Each line below from the "Au pied du Golf" line through the "and User Manual." line, those two included, must be restated word for word; the pictures must not be.

Stored items
□ □ □

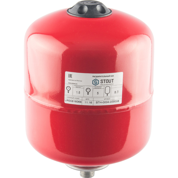 Внутреннее пространство всех элементов системы отопления (трубопроводов, отопительных приборов, арматуры, оборудования и т. д.) заполнено водой. Получающийся при заполнении объём воды в процессе эксплуатации системы претерпевает изменения: при повышении температуры воды он увеличивается, при понижении — уменьшается. Соответственно изменяется внутреннее давление. Однако эти изменения не должны отражаться на работоспособности системы отопления и, прежде всего, не должны приводить к превышению предела прочности любых её элементов. Поэтому в систему водяного отопления вводится дополнительный элемент — расширительный бак Stout WRV 8 литров.
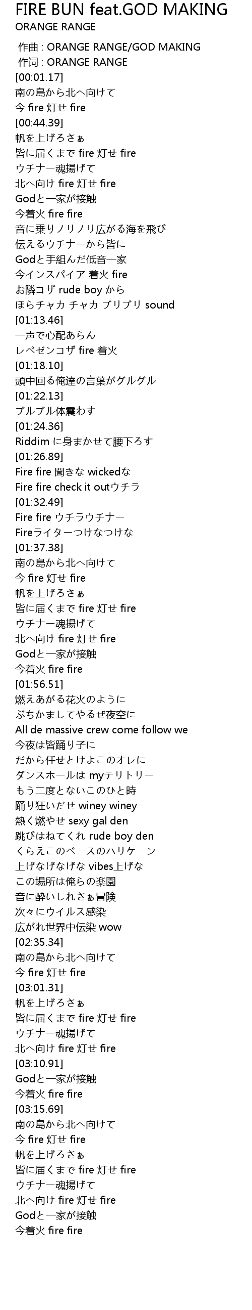 | [00:00.00] | zuo qu : ORANGE RANGE GOD MAKING |
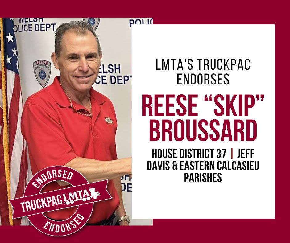 Reese "Skip" Broussard – Louisiana House, District 37 (Jeff Davis & Eastern Calcasieu Parishes) TruckPAC proudly endorses Skip Broussard for State House District 37. He has demonstrated a clear understanding of the challenges facing trucking and small businesses and is committed to being a strong, reliable voice for our industry at the Capitol.
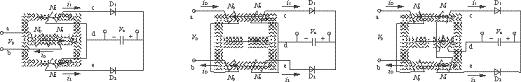 為了避免上述這種傳統CDR拓撲結構的不足,PengC提出了一種IM-CDR電路拓撲,如圖1(b)所示。它將以往的CDR整流電路中的3個分立磁性元件(輸出濾波電感和變壓器)集中繞制在同一副磁芯中,結果大大地減小了變流器的體積和重量,但是,由于它副邊仍然有較多的繞組數和連接端子,使得這種CDR拓撲的應用受到了限制。
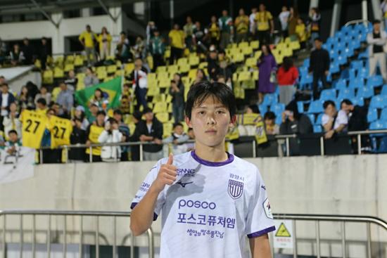 전남 윤재석이 극장골 이후 팬들과 기쁨을 나누고 있다. /전남드래곤즈 제공
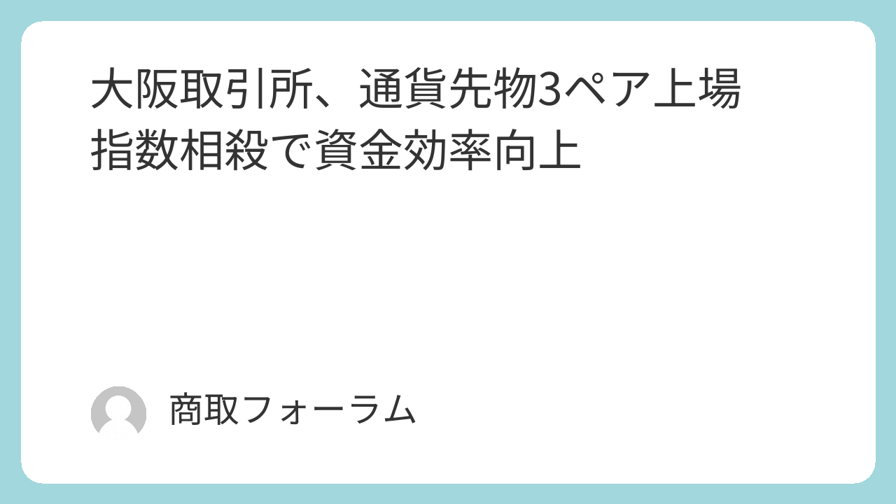 大阪取引所(OSE)は2026年4月13日、米国ドル/日本円先物、中国オフショア人民元/日本円先物、ユーロ/日本円先物の3通貨ペアを上場する。日本取引所グループの中期経営計画2027における「総合プラットフォーム化」の主要施策であり、社会全体のリスク配分の最適化や、資産運用立国の実現を目指す。日経225先物や金先物で海外投資家比率が高いOSEには、アジアのヘッジファンド等から円エクスポージャーを同一市場内でヘッジする「ワンストップ」の取引ニーズが強まっていた。現行のCME(シカゴ・マーカンタイル取引所)通貨先物はドル建てのため、値洗いに現物ドルを要する点や逆数表示の不便さ、終値の時差による期末評価の不都合が指摘されてきた。OSEでの上場により証拠金を円で預託でき、「1ドル149.XX円」という直感的な表記が可能となるほか、清算値段の時差を解消しファンド評価のズレを防ぐ。
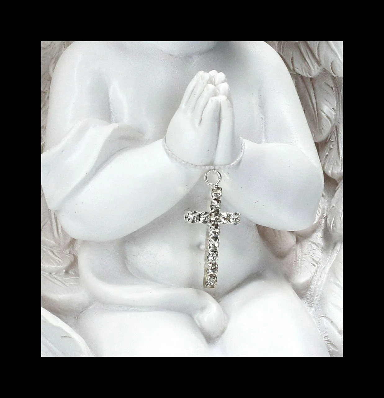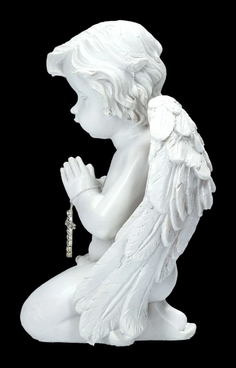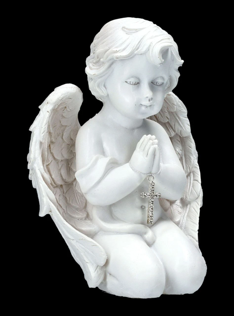 In seinen Händen hält der kleine betende Engel ein mit Schmucksteinen verziertes Kreuz. Der handbemalte weiße Engel ist 13 cm hoch, 10 cm breit und 7,5 cm tief. Er ist sehr detailreich aus Kunststein (Polyresin) gefertigt. Der niedliche Engel ist ein schönes Geschenk für jemand besonderen und zeigt, dass man jeden Tag an ihn denkt.
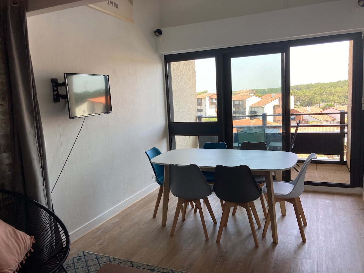 Au pied du Golf et des plages : appt 3 pièces duplex 2 à 6 pers. avec séjour, cuisine équipée, salle d'eau avec WC, chambre lit double, cabine 2 couchages, sdb avec WC. Actuellement en travaux : façade et peintures extérieures. Le plus : TV, Wifi, lave-vaisselle, piscine chauffée (selon saison) activités de loisirs (golf, surf, vélo). Linge de lit sur demande (sup. 40€). Terrasse vue pinède, parking gratuit. La résidence se situe au coeur de la pinède avec vue sur le golf et accès à la plage.
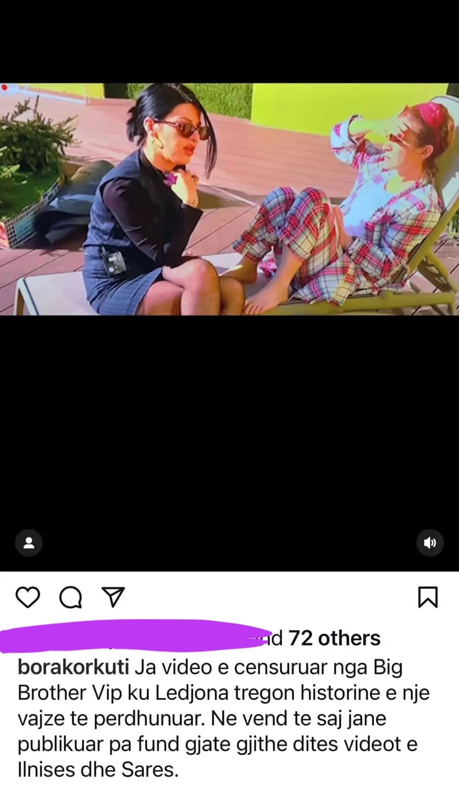 “Ja video e censuruar nga Big Brother Vip ku Ledjona tregon historine e nje vajze te perdhunuar. Ne vend te saj jane publikuar pa fund gjate githe dites videot e Ilnises dhe Sares.” – shkruan ajo.
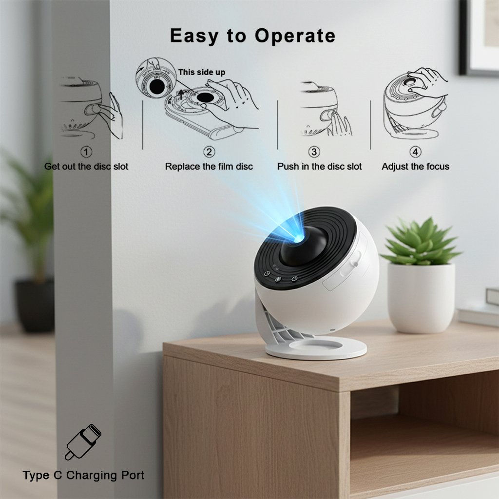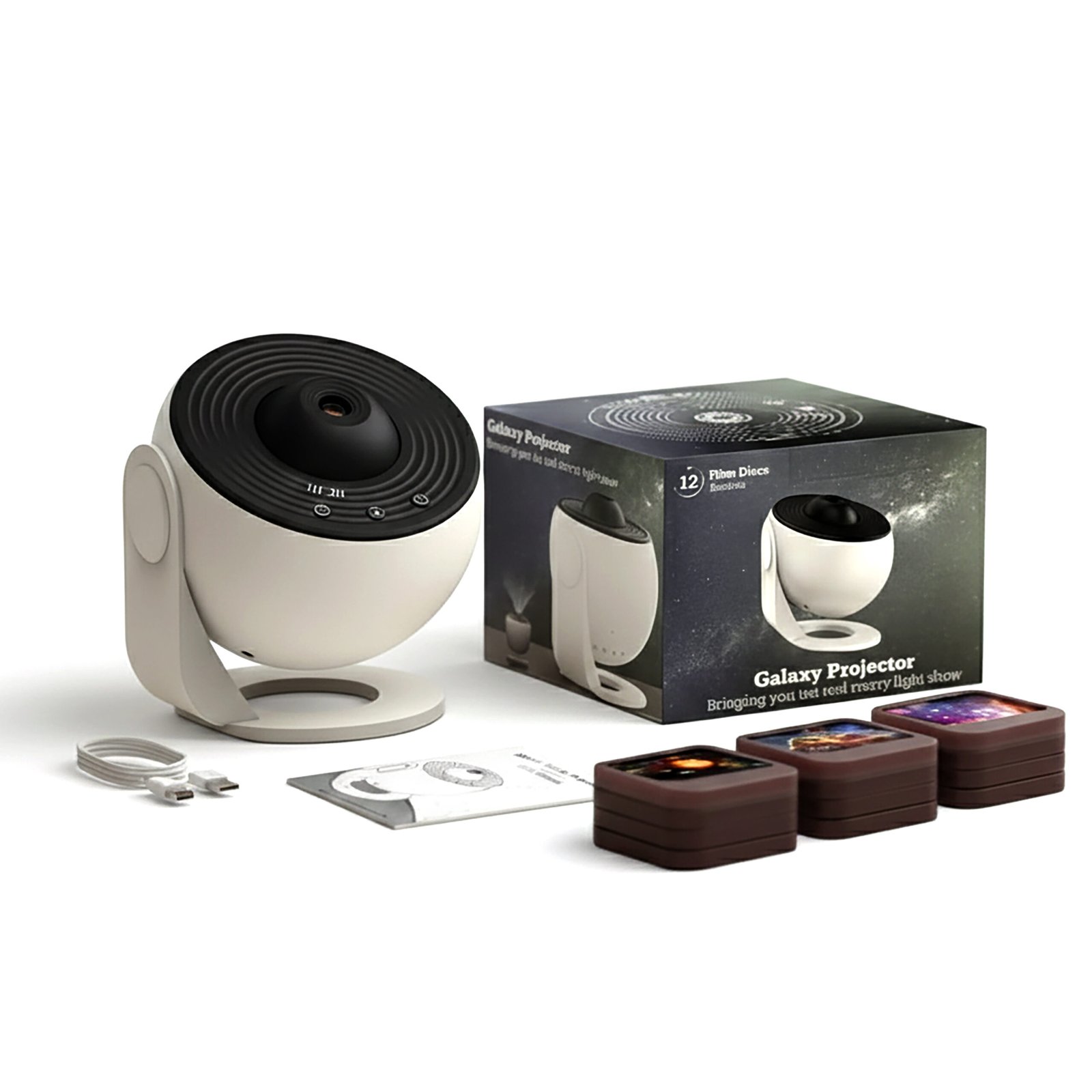 • Complete Toy Set Included: 1 Galaxy Projector, 12 Film Discs, USB Type-C Cable, and User Manual.
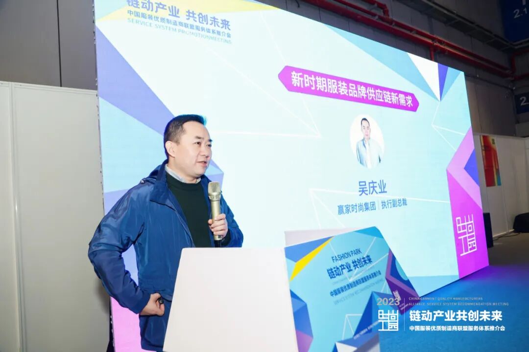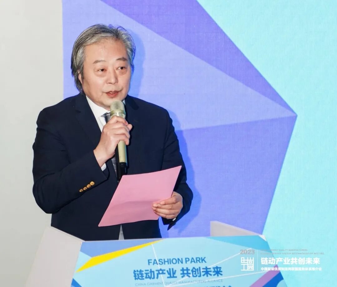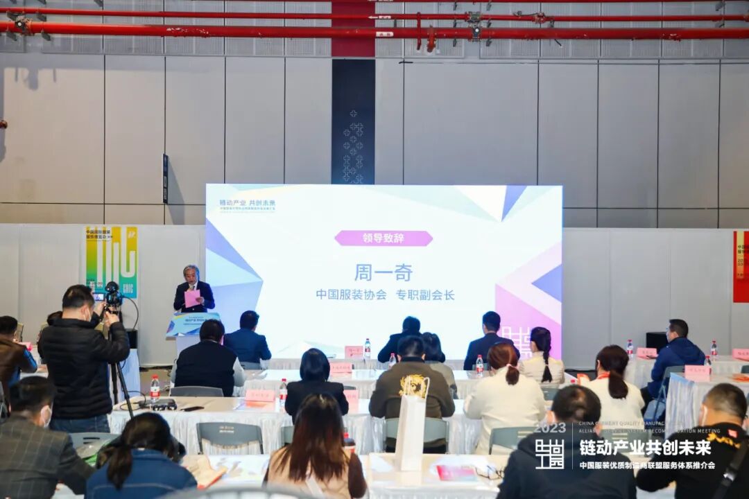 中国服装协会专职副会长周一奇中国服装协会专职副会长周一奇出席了本次推介会并发表致辞。他表示,当前,在中国式现代化建设新征程全面开启的背景下,中国服装产业正在面临着与以往截然不同的供应链挑战。整合优势资源,贯通产业协同,将行业服务下沉到企业,以及产业集群,推动供需双方互助、共赢,形成紧密的战略合作,这不仅是当前中国服装产业高质量发展和服装品牌供应链优化升级的重要工作,更是新时期中国服装协会的重要使命之一。作为中国服装协会发起成立的综合价值服务平台,中国服装优质制造商联盟——时尚工园,紧抓“高质量发展”要点,在2023年,重新定位时尚工园,延申服务链条,重点开展以务实有效商贸对接、资源链接为核心的综合服务工作,进一步加强与各产业集群、服装品牌及电商平台的深度对接与合作,构建数字经济时代“大中小融通、产供销协同”产业创新生态体系,推动中国服装产业基础高级化和产业链现代化,推动产业集群高端化、品牌化、国际化、绿色化发展,助力产业集群创建“世界级产业集群先行示范区创新基地”,重塑全球供应链产业链竞争新优势。他还提到,参加本次推介会的企业家都是行业创新融合发展、制造业转型升级,民族复兴的中坚力量,这次活动充分体现出疫情之后大家对未来发展的决心和信心。本次推介会是中国服装优质制造“国家队”一次汇聚、一场宣言、也是走进新时代,再创新辉煌的一个新起点。
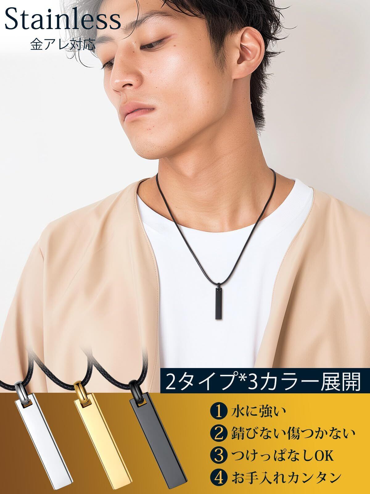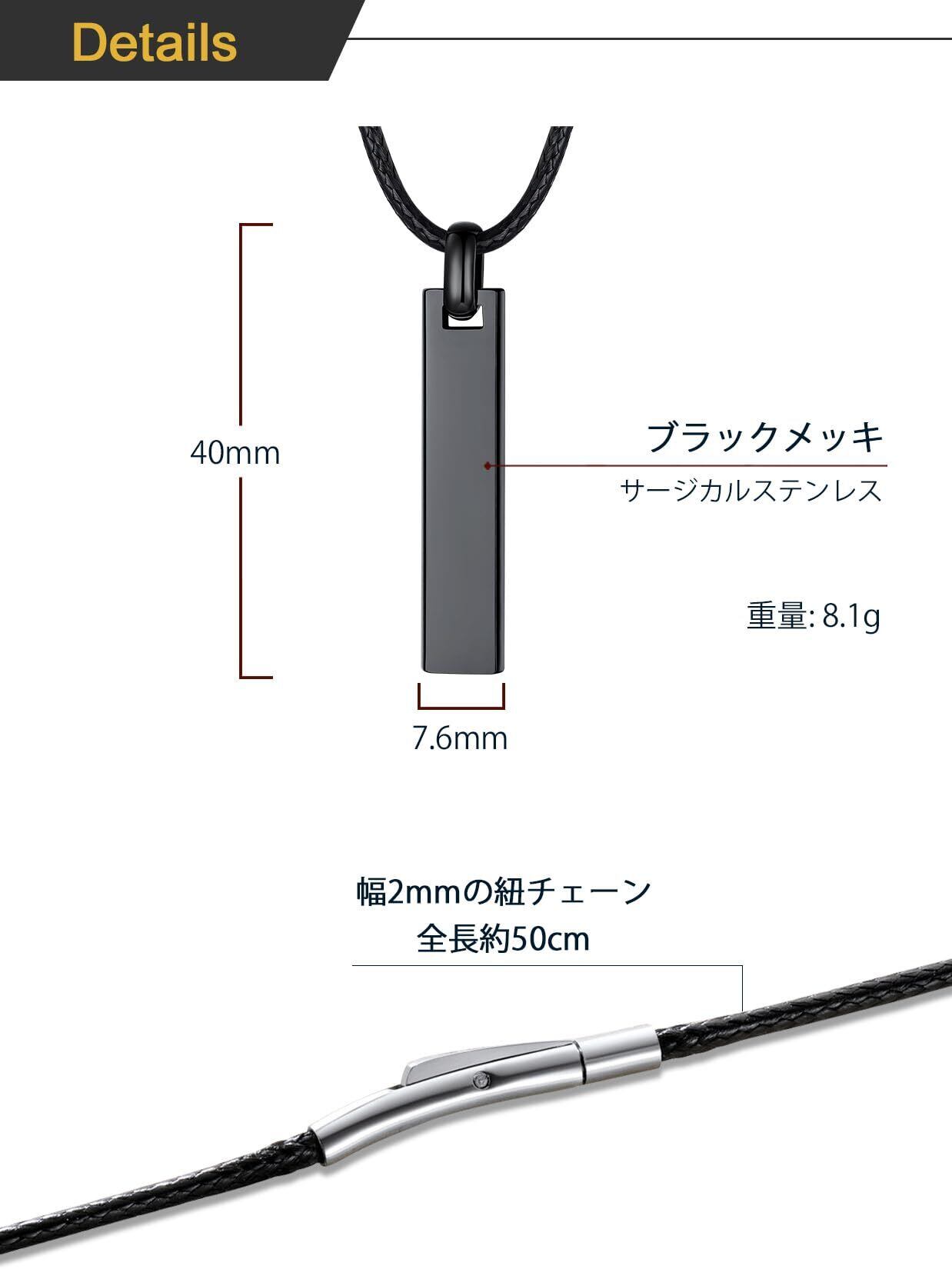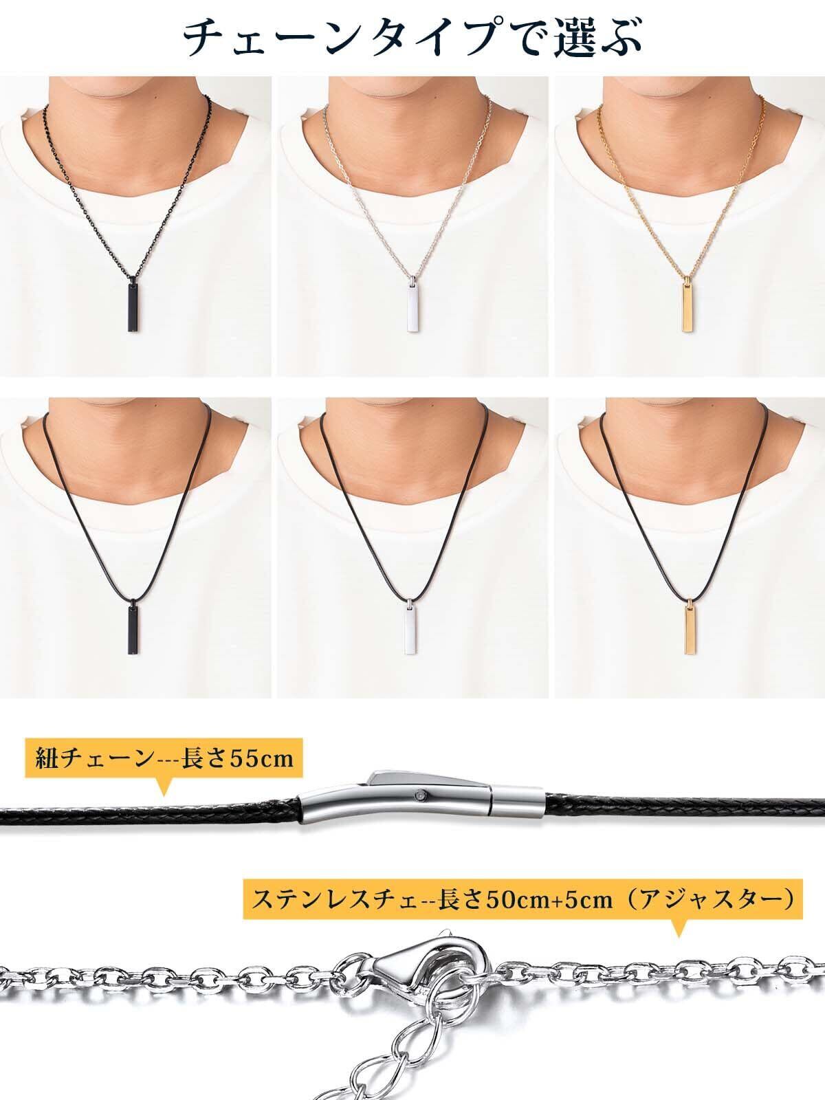 【紐チェーン&ステンレスチェーン】ネックレスチェーンは二つタイプがあり、お好みに選べます。幅2mm×長さ55cmの革紐、幅2.5mm×長さ50cm+5cmアジャスターのステンレスチェーン、それぞれ計6種類ご用意しております。お気に入りの商品が見つかるため、幅と長さを自由に選べます。メンズが幅と長さの違いによって、その日のスタイルに合わせて、自由にアレンジを楽しんでください!
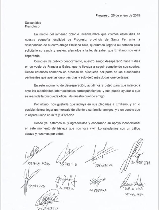 "Nos dirigimos a usted con el mayor de los respetos en este momento de gran dolor por el cual estamos atravsando toda nuestra familia y toda la comunidad de nuestro querido pueblo de Progreso, prov. de Santa Fe, para que interceda ante las autoridades internacionales correspondientes y nos pueda ayudar para que se reanude la búsqueda en el Canal de la Mancha e islas subyacentes de nuestro querido amigo Emiliano Sala.
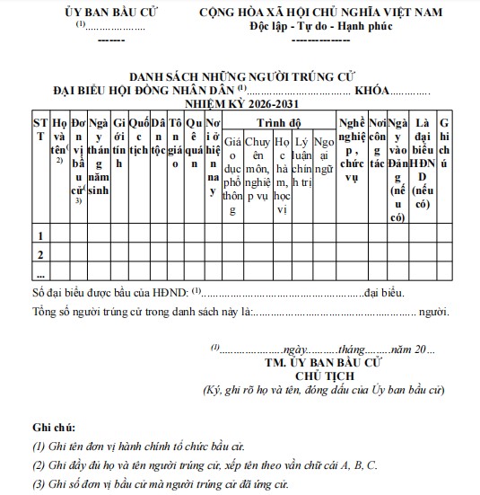 Mẫu danh sách những người trúng cử đại biểu HĐND
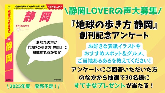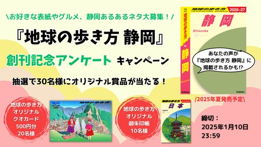 『地球の歩き方 静岡』の制作決定を記念し、2024年12月9日より創刊記念アンケート&プレゼントキャンぺーンがスタート。『地球の歩き方 静岡』の表紙を飾るイラストやおすすめスポット&グルメ、ご当地あるあるネタなどについて、静岡県民をはじめ、静岡にゆかりのある方の生の声を大募集しています。お寄せいただいた貴重なご意見や体験談が『地球の歩き方 静岡』に掲載されるかも! またさらにアンケートにお答えいただいた方の中から抽選で30名様に、地球の歩き方オリジナルクオカードなどのプレゼントが当たります。(締切:2025年1月10日)

□ □ □

▶ **Answer area**:
 Au pied du Golf et des plages : appt 3 pièces duplex 2 à 6 pers. avec séjour, cuisine équipée, salle d'eau avec WC, chambre lit double, cabine 2 couchages, sdb avec WC. Actuellement en travaux : façade et peintures extérieures. Le plus : TV, Wifi, lave-vaisselle, piscine chauffée (selon saison) activités de loisirs (golf, surf, vélo). Linge de lit sur demande (sup. 40€). Terrasse vue pinède, parking gratuit. La résidence se situe au coeur de la pinède avec vue sur le golf et accès à la plage.
 “Ja video e censuruar nga Big Brother Vip ku Ledjona tregon historine e nje vajze te perdhunuar. Ne vend te saj jane publikuar pa fund gjate githe dites videot e Ilnises dhe Sares.” – shkruan ajo.
 • Complete Toy Set Included: 1 Galaxy Projector, 12 Film Discs, USB Type-C Cable, and User Manual.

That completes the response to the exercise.